COUNTY AGENT GUY
That peculiar holiday is fast approaching wherein we guys must express our deepest, most innermost feelings in the gushiest way possible to our Significant Others.
This has to be done on a strictly voluntary basis, although it must be noted that there are severe penalties for noncompliance.
Opinions vary as to what, exactly, the punishment for ignoring Valentine’s Day should be. In some jurisdictions the death penalty has not been ruled out.
Expressing deep emotional feelings is difficult for many men of the human species.
There are some activities that come naturally for most guys. This includes such things as hawking up loogies, distributing noogies and giving wedgies.
Sadly, these talents tend to be of little use when it comes to communicating with human females.
As such, when guys want to convey deep personal feelings we must rely on either the greeting card or the music industry.
Some of the music from back in the day was superb for expressing deep emotions, such as “Hooked On A Feeling,” by Blue Swede, which includes the lyrics, “Ooga-Chaka Ooga-Ooga.”
If hearing those words don’t melt a girl’s heart, nothing will.
Not only do boys lack natural instincts in the field of expressing deep personal emotions, we receive zero training regarding this topic.
It’s like walking into a room that you think will be freshman algebra, but is actually the Supreme Court.
Chief justice: “Explain your position vis-a-vis export quotient derivatives as they affect quantum fluctuations in the ipso facto flux capacitor marketplace.”
You: “Umm … Ooga-Chaka Ooga-Ooga.”
This is pretty much how things go when guys first attempt to talk to girls. It’s not so much that we’re from different planets as we’re from entirely different galaxies located in different dimensions.
This makes it difficult to communicate. It’s even more challenging when you’re someone who, like me, is slow on the uptake.
As with most little boys, I didn’t have much use for girls. Yes, they were fun snowball targets, but not much else. This all changed when we began junior high school.
Girls suddenly became the most fascinating creatures on the planet. I think this is because many of our female classmates had abruptly begun to have figures.
We boys couldn’t figure out how this happened, but not for a lack of trying. That particular topic was all we could talk about.

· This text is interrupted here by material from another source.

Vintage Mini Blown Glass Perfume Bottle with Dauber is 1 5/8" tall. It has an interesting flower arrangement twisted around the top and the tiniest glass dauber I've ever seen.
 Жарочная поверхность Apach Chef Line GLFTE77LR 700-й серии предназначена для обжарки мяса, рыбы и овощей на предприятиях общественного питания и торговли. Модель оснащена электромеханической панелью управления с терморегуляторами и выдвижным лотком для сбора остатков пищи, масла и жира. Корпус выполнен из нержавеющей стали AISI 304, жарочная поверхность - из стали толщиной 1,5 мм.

We wanted to learn more about the girls, but that proved extremely problematic as doing so might involve actually talking to them.

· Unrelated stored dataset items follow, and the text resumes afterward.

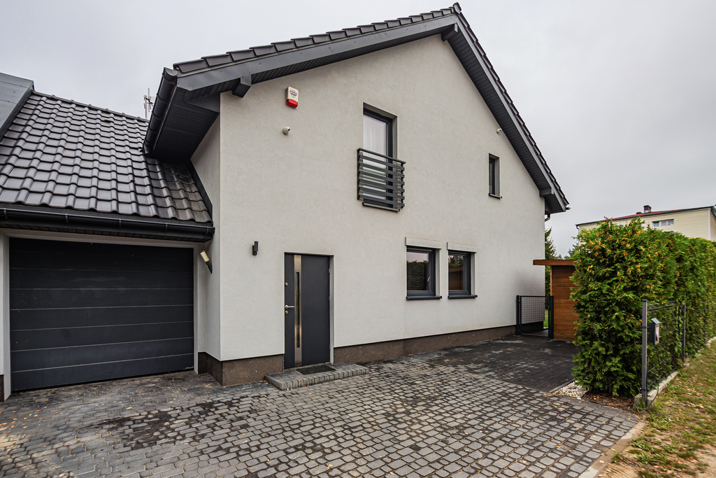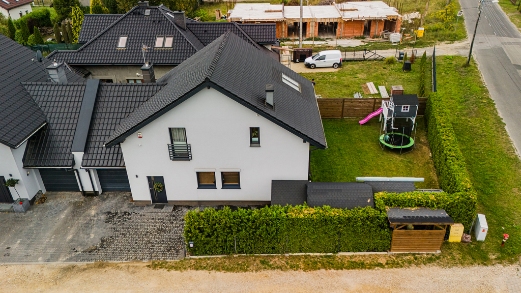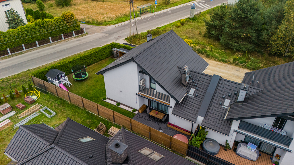 W skład nieruchomości wchodzi dom typu bliźniak wybudowany w 2019 r. z zieloną, zagospodarowaną działką o powierzchni 472 m2. Teren częściowo ogrodzony bez bramy wjazdowej,  otoczenie zapewnia ciszę i spokój.  Za zapewnienie wysokiego poczucia bezpieczeństwa Twojego i Twojej Rodziny odpowiada system alarmowy Genevo, system kamer zewnętrznych i miłe sąsiedztwo.
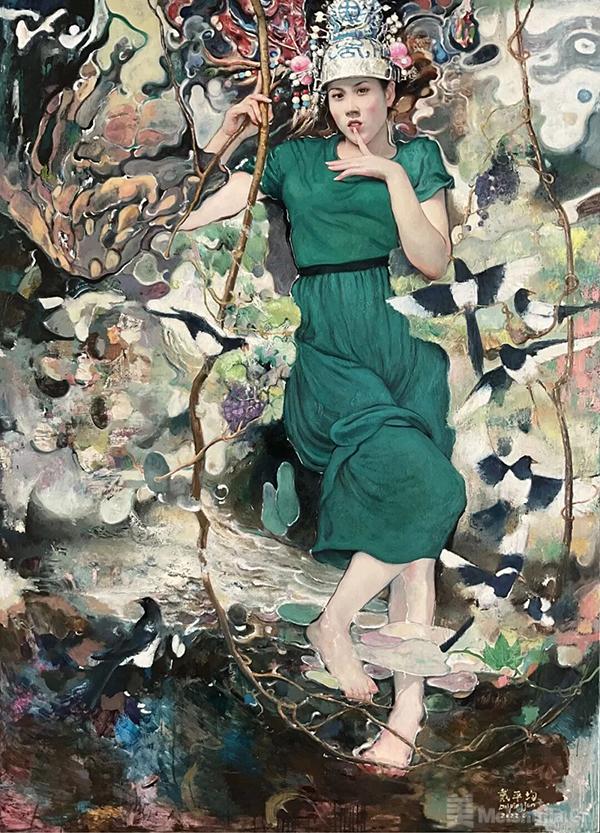 在早些时候,他是丝绸与光影的诗人。那些精微绝伦的“丝绸系列”,宛如一曲曲视觉的咏叹调。画中的女性与丝绸低语,光影在缎面上流淌——丝绸在他笔下,升华为中华物质文明的温润结晶;女性形象,成为“上善若水”哲学的诗意化身;而斑驳的光影,则是生命丰繁层次的隐喻。
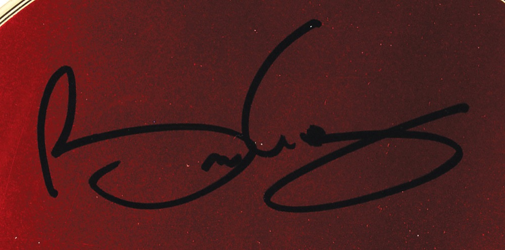 Scarce 2006 UK 'Mini May' half size Signature electric guitar based on the uniquely famous 'Red Special' guitar. This half sized model is fully functioning and playable including 24 frets but no zero fret featuring a single pickup and no switches, has a solid body with a vintage Cherry finish and a maple neck with Brian May Signature decal on the headstock, also includes 1 x single coil pickup, volume and tone control chrome hardware & tuners. This particular guitar has been autographed by Brian May on the body in a blue sharpie, also includes a mini guitar gig bag - truly stunning item, ideal for display; and a 45 rpm picture single for 'Under Pressure (Rah Mix),' signed on the portrait side in blue felt tip. In fine condition, with mild spreading of ink on record. Pre-certified Roger Epperson/REAL and RR Auction COA.
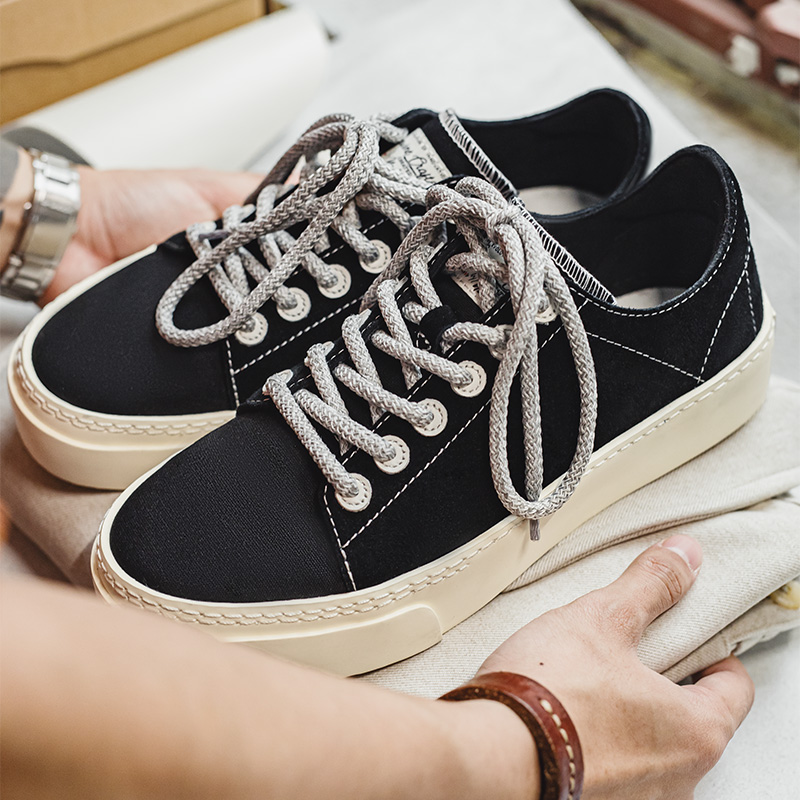 Take your casual game to the next level with these black thick-soled canvas sneakers designed for men who want both style and confidence. Crafted with a blend of durable canvas and soft nubuck leather, these low-top shoes are the perfect fusion of comfort and modern streetwear flair. Whether you’re heading out for a laid-back day, weekend hangout, or casual work setting, these sneakers give you a natural height lift while keeping your steps light and easy.

The girls didn’t make it any easier for us, gathering into impenetrable knots of three or four, whispering to each other, their murmurs punctuated by sporadic bouts of secretive giggling.
It would have been far easier for a guy to break into Fort Knox.

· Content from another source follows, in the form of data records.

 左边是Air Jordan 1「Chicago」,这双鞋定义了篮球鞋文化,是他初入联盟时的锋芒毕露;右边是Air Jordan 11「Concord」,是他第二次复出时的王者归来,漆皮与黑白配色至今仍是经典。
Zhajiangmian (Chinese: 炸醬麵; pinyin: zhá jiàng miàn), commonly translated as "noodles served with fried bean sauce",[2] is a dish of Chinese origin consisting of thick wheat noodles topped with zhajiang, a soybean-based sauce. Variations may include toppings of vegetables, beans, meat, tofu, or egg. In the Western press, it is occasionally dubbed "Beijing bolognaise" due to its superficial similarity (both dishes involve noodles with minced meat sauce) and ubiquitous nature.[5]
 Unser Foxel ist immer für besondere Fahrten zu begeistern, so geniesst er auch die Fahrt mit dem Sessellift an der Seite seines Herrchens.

The girls eventually broke the communication stalemate by dispatching an envoy to us boys with a note which said that a certain girl liked a certain boy. Did he like her?
Two small checkboxes had been drawn with “yes” beside one and “no” by the other.
The recipient of the note was shaken to his core. What did this mean? Marriage, kids, a mortgage? Would he also be required to kiss her? The horrors.
While the note’s receiver grappled with these questions, the rest of us assaulted him with a storm of teasing that made heavy use of the words “sitting in a tree.”
Flash forward a few years. We boys had evolved from awkward, bumbling adolescents into awkward, bumbling teenagers.
Girls were still an unfathomable mystery. They had also somehow managed to become even more interesting.
The summer when I was 15, a neighborhood farmer called to ask if I could help him stack some hay bales. He mentioned a wage of $1.75 per hour.
I quickly accepted, not telling the neighbor that I did such things at home for nothing. If he wanted to throw his money away for something that could be had for free, that was his business.
A few months later I went on my first actual date with an actual girl. Several things stand out in my memory regarding that evening.
Filling my car with gas cost $1.75. Movie tickets were $1.75 apiece and the pizza afterwards cost $1.75.
Later that evening we sat alone in my car, she on one side, me on the other. It was very quiet, mainly because I didn’t know what to say nor how to say it.
She at length remarked, “It looks like something’s bothering you. What are you thinking?”
“It just occurred to me that this night has cost me four hours of stacking bales.”
Things probably would have gone much better if I had simply replied, “Ooga-Chaka Ooga-Ooga.”